Locate, in the data below, the line that contains "Vintage Sterling Motorcycle" and the line that contains "Funda de Cuero"; reproduce exactly those two lines and every line between them, nothing more.

- Extracted data:
((

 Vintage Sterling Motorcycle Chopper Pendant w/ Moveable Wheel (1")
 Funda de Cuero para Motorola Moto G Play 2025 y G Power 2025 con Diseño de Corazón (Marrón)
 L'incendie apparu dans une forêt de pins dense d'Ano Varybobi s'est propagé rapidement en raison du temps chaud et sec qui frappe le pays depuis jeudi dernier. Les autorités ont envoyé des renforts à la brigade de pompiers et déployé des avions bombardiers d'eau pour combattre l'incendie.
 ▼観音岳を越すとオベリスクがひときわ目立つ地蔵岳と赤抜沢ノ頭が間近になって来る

))
((

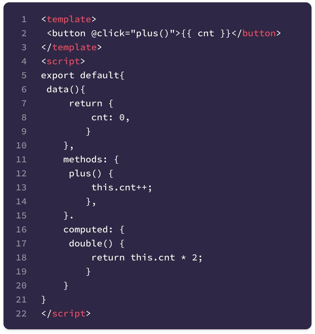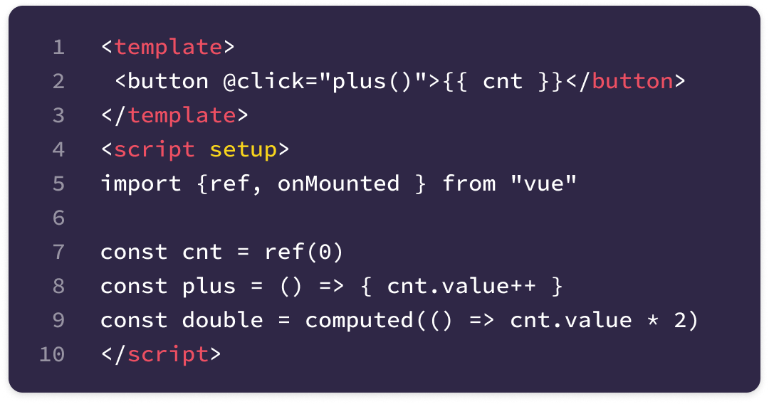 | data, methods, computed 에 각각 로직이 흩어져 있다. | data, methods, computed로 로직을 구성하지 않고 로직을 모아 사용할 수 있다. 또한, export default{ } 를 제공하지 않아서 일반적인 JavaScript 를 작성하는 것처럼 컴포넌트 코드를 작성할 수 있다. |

))

- Response area:
 Vintage Sterling Motorcycle Chopper Pendant w/ Moveable Wheel (1")
 Funda de Cuero para Motorola Moto G Play 2025 y G Power 2025 con Diseño de Corazón (Marrón)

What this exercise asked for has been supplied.